In dem Alexandra nicht genau über das Thema schreibt
Als ich in der Sekundarschule war, durfte ich fast nichts tun. Seit ich nur acht Jahre alt war, tanze ich viel. Ich musste immer zur Hauptprobe gehen, oder wenn ich damit fertig war, musste ich meine Hausaufgabe machen. Deswegen hatte ich fast kein Zeit um mit Freunden auszugehen. Aber meine Eltern waren so viel strikter als die Eltern meiner Freunden, dass wenn ich Zeit hatte, durfte ich nicht tun, was sie taten. Ich durfte nicht Amerikanische Fußballspielen besuchen, weil ich ihnen nicht sagen könnte, genau wie viele Uhr es beendet haben wird. Als ich fünfzehn Jahre alt war, wollte ich mit zwei meiner Freundinnen zum Einkaufszentrum gehen. Mein Vater hat mir gesagt, dass fünfzehn zu jung war das Einkaufszentrum allein zu besuchen. Ich durfte nie später als halb Mitternacht nach Hause zurückkommen. Einmal, habe ich bei einer Freundin, die halber Uhr von mir wohnte, eingeschlafen. Ich weckte mich um halb Mitternacht auf, weil ihre Mutter dachte dass ich musste um halb Mitternacht weggehen. Ich rief meiner Mutter sofort an, aber sie war ganz gleich so wütend, dass ich nicht länger Zeit ausgehen durfte. Jetzt tue ich was ich will. Meine Eltern immer mir sagen, dass es ihnen nicht gefällt, wenn ich spät nach Hause kommen, aber sie niemehr sagen, dass ich nicht ausgehen darf. Es gibt immer Dinge, die ich nicht tun darf. Zum Beispiel, weiß mein Vater nicht, dass ich zwei Ohrlochstechen habe. Er wäre sehr wütend, wenn er es wüsste. Er hat mir schön gesagt, dass wenn ich ein Bachnabelpiercing bekomme, ich nicht mehr bei ihm wohnen darf.
Viele von meinen Freunden haben mir gesagt, dass ihre Eltern immer wissen müssen, was sie lesen oder welche Musik sie hören. Meine Eltern haben das nie gemacht. Ich habe immer viel gelesen, und meine Eltern haben mir was ich wollte zu lesen erlaubt. Seit ich zehn Jahre alt war, musste ich mein Licht nicht bis ich schlafe abdrehen. Es gab Nachts als ich nur zwölf Jahre alt war, wann ich die ganze Nacht gelesen habe. Meine Mutter hat mir gesagt, dass es meine Schuld war, wenn ich müde der nächste Tag war. Viele Dinge sind wie das jetzt. Ich darf eines Abends ausgehen, wenn ich zur Schule der nächste Tag gehen muss, aber ich darf nicht klagen.

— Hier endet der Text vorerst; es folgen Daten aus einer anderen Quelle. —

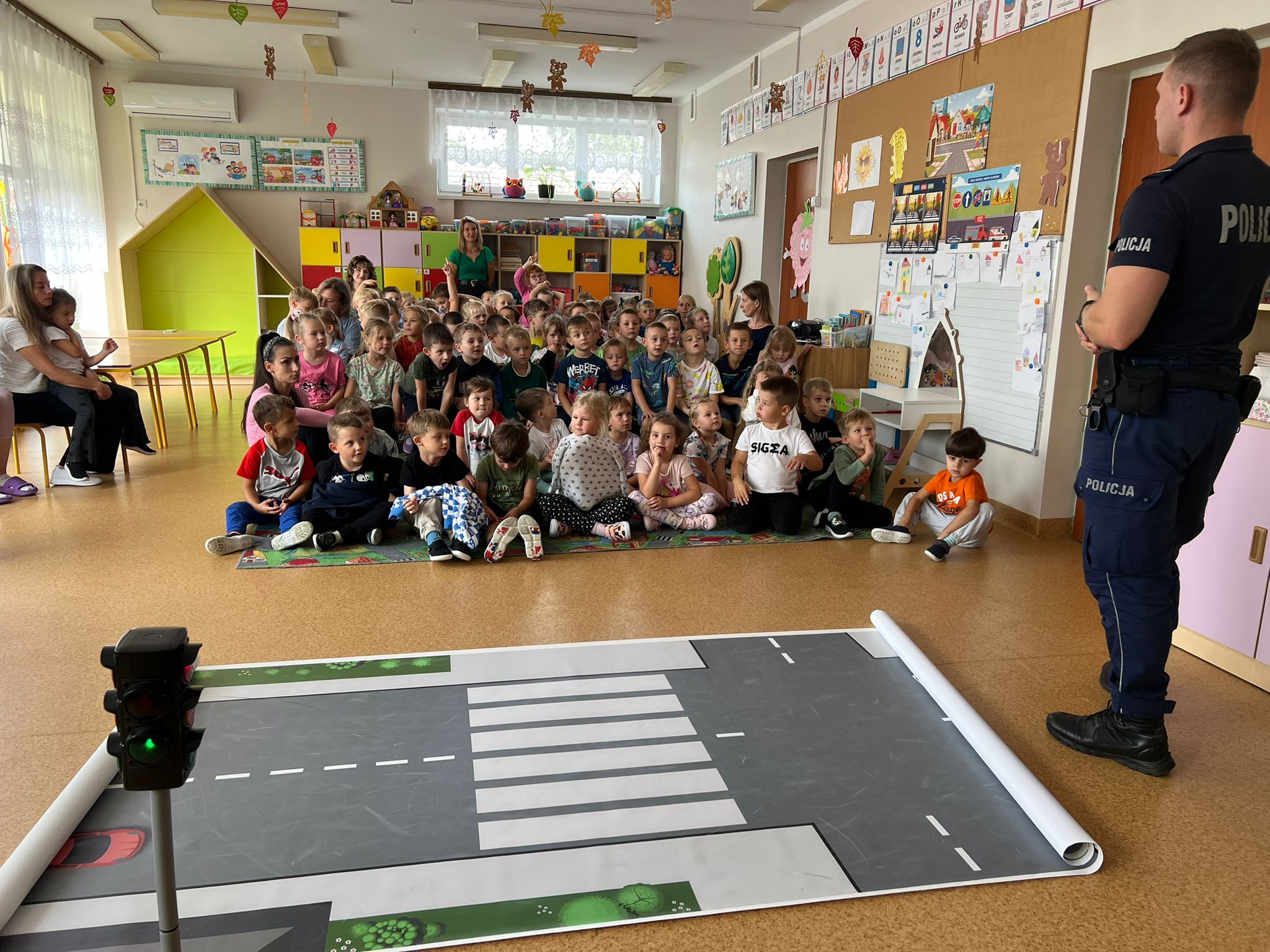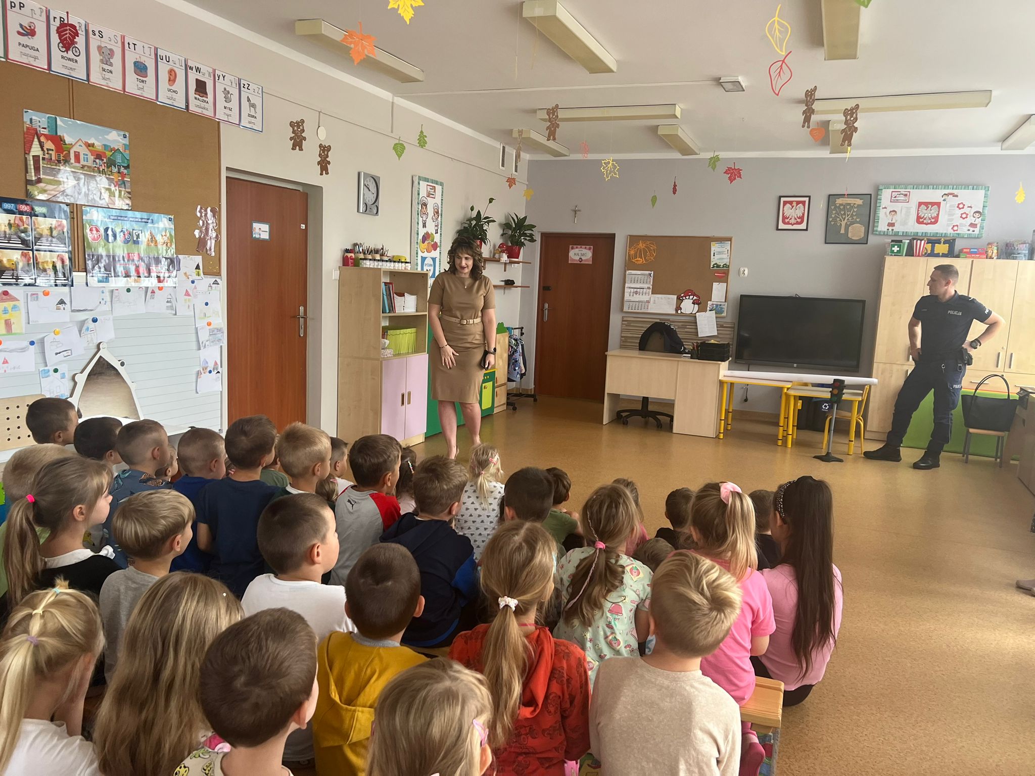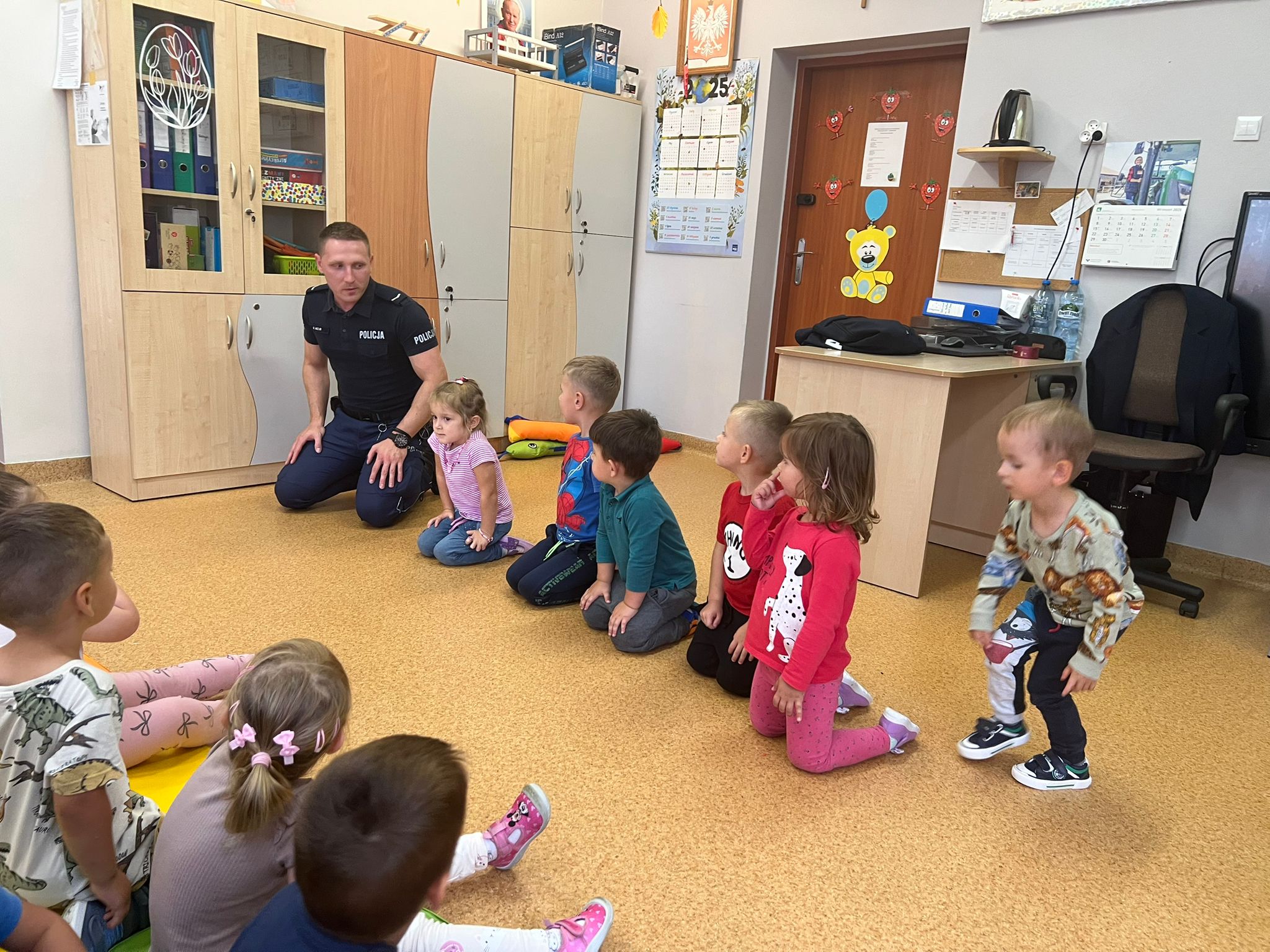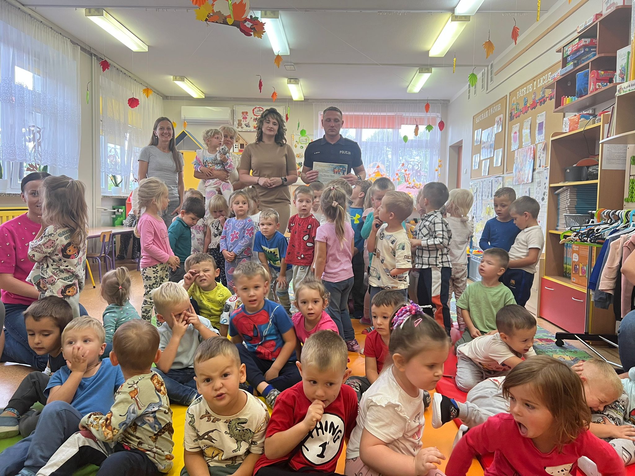 W naszym przedszkolu odbyło się wyjątkowe spotkanie z Panem Mateuszem – policjantem z Posterunku Policji w Grębowie. Tematem przewodnim była bezpieczna droga do przedszkola oraz zasady, które każdy mały przedszkolak powinien znać, aby czuć się bezpiecznie. Podczas spotkania Pan Mateusz przybliżył dzieciom swoją codzienną pracę.Przedszkolaki z ogromnym zainteresowaniem oglądały policyjne wyposażenie, zadawały wiele pytań i chętnie dzieliły się swoimi spostrzeżeniami.

Ich habe eine Schwester, die zwei Jahre jünger als ich ist. Sie klagt viel, dass sie darf nicht so viel wie ich tun. Sie versteht nicht, dass sie darf mehr als ich, als ich siebzehn Jahre alt war. Sie will mit Freunden bis Mitternacht ausgehen, wenn sie zur Schule der nächste Tag muss. Sie will bei zwei Arbeiten arbeite, aber sie kann nicht ein Auto fahren. Ich denke, dass ich dürfte nicht so viel tun, aber meine Eltern wollen nicht, dass ich umziehe. Ich denke dass, sie lieber möchten, dass ich bei ihnen bleiben, weil sie damit genau wissen können, was ich mache. Vielleicht haben sie Angst, dass ich rebellieren werde, nach so vielen strikten Jahren.